● **Recorded data**:
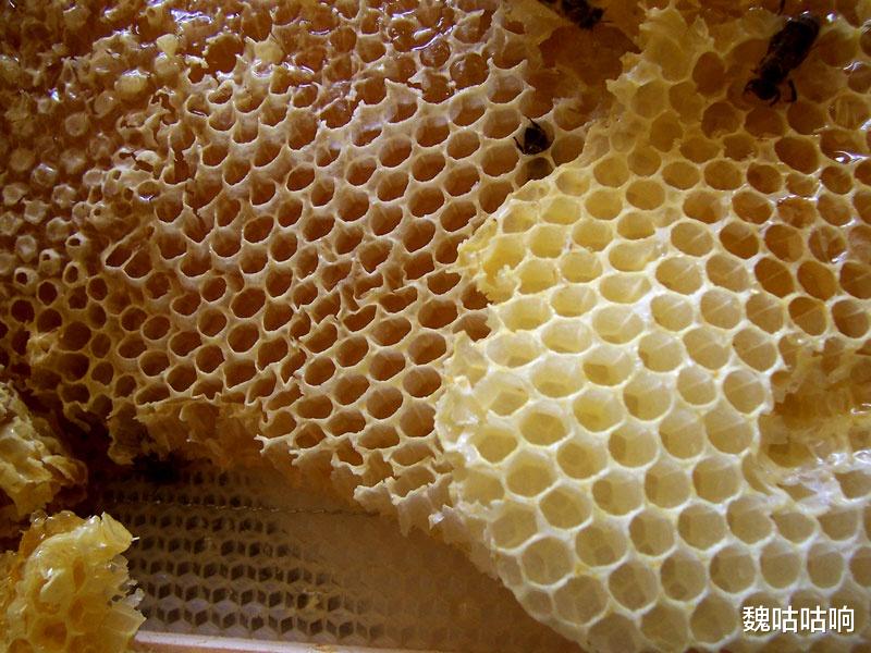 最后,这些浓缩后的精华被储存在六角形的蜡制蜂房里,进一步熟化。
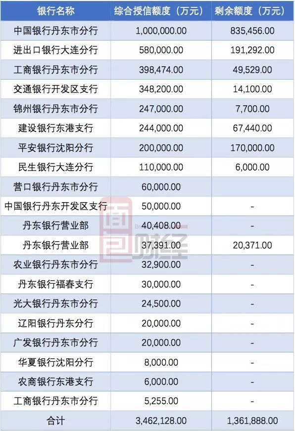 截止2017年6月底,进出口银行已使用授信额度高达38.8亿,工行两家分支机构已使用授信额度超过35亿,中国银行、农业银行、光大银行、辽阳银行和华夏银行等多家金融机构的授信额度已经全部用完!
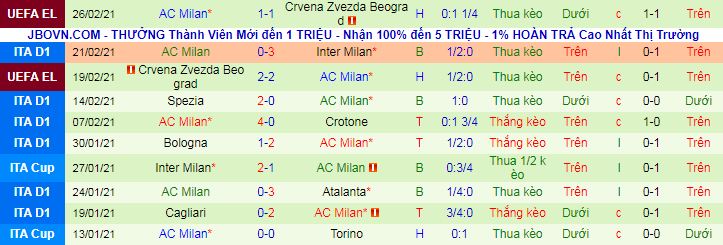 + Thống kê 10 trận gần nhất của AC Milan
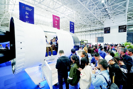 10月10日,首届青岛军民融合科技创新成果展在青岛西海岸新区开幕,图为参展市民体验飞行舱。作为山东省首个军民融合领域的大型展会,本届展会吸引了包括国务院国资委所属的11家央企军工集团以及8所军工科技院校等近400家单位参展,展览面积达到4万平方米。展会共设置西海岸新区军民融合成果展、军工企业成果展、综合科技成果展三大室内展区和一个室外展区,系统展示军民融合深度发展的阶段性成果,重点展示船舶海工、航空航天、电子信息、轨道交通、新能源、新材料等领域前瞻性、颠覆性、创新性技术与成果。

● **Exercise goal**: The lines wanted run from the one with "截止2017年6月底,进出口" through the final line of the data; repeat them word for word and skip every picture.

● **Solution to this task**:
 截止2017年6月底,进出口银行已使用授信额度高达38.8亿,工行两家分支机构已使用授信额度超过35亿,中国银行、农业银行、光大银行、辽阳银行和华夏银行等多家金融机构的授信额度已经全部用完!
 + Thống kê 10 trận gần nhất của AC Milan
 10月10日,首届青岛军民融合科技创新成果展在青岛西海岸新区开幕,图为参展市民体验飞行舱。作为山东省首个军民融合领域的大型展会,本届展会吸引了包括国务院国资委所属的11家央企军工集团以及8所军工科技院校等近400家单位参展,展览面积达到4万平方米。展会共设置西海岸新区军民融合成果展、军工企业成果展、综合科技成果展三大室内展区和一个室外展区,系统展示军民融合深度发展的阶段性成果,重点展示船舶海工、航空航天、电子信息、轨道交通、新能源、新材料等领域前瞻性、颠覆性、创新性技术与成果。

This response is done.